Hydroxyurea is an excellent therapeutic agent for the pharmacological induction of HbF in patients with
sickle cell disease (SCD). However, all completed clinical trials of
hydroxyurea have excluded patients with
hemoglobin SC (HbSC) disease. HbSC differs significantly in pathophysiology from HbSS, as HbC does not sickle, but instead causes cellular
dehydration which potentiates sickling of HbS. Many severely affected HbSC patients have been placed on
hydroxyurea on a case by case basis, but there are no large scale prospective data on safety or efficacy of
hydroxyurea in this subset of patients with SCD. Here, we report a case series of 14 pediatric patients with HbSC treated to maximum tolerated dose (MTD) with
hydroxyurea.
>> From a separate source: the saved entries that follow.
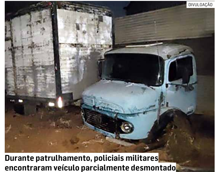
Durante patrulhamento, policiais militares encontraram veículo parcialmente desmontado

Segundo o suspeito, ele teria contratado um
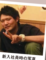
新入社員時の写真
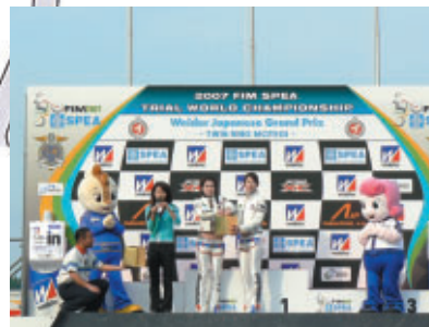
各日、競技終了後に行われた抽選会
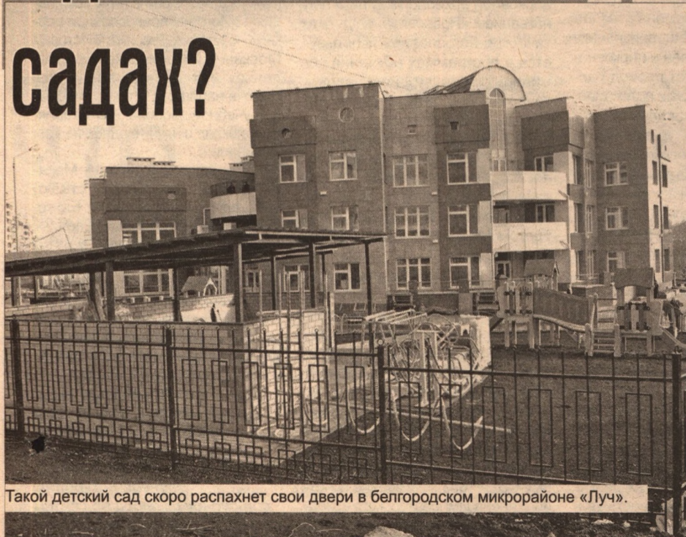
Такой детский сад скоро распахнет свои двери в белгородском микрорайоне «Луч».

Беседовала Мария Скокова
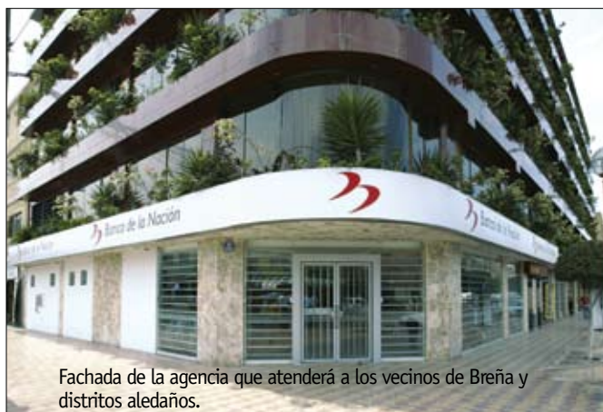
Fachada de la agencia que atenderá a los vecinos de Breña y distritos aledaños.

habían tenido que desplazarse a la Agencia de Aeronáutica situada a un kilómetro del borde oriental de Breña, a la sucursal de Pueblo Libre ubicada a dos kilómetros de la frontera sur del distrito o a la Sucursal 28 de Julio localizada a
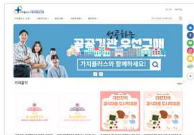
공공구매 플랫폼 가치플러스 www.value-plus.kr
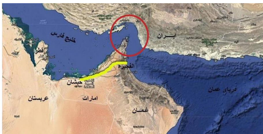
شکل ۱ موقعیت تنگه هرمز

تنگه هرمز به دلیل موقعیت حساس ژئوپلیتیک و استراتژیکی خود، خود به عنوان معبری حیاتی و تاثیرگذار برای حفظ نظام و میهن ما می باشد و چنانچه خدشه ای بر آن وارد گردد و یا تمامیت ارضی آن مورد هجوم قرار بگیرد، امنیت ملی که یکی از ارکان اساسی و پایه ای برای کشور است با خطر مواجه می گردد؛
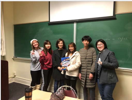
韓文課的老師及同學們

Those who failed to show clinical improvement after at least six months at MTD were offered phlebotomy in addition to
hydroxyurea. Five out of 11 patients with HbSC who achieved MTD failed to demonstrate clinical improvement on
hydroxyurea. Of the four placed on dual
hydroxyurea and phlebotomy
therapy, all showed at least partial clinical improvement. Percent dense red blood cells (%DRBC) were measured via an ADVIA hematology analyzer. A marked rise in percent dense cells preceded clinical complications in three patients. Dual
therapy with
hydroxyurea and phlebotomy may be an effective approach to patients with HbSC that do not experience improvement with
hydroxyurea alone. Monitoring of %DRBC may predict adverse events and aid in assessing
hydroxyurea compliance. Large scale clinical trials are needed to evaluate the safety and efficacy of
hydroxyurea and
hydroxyurea with phlebotomy in patients with HbSC disease.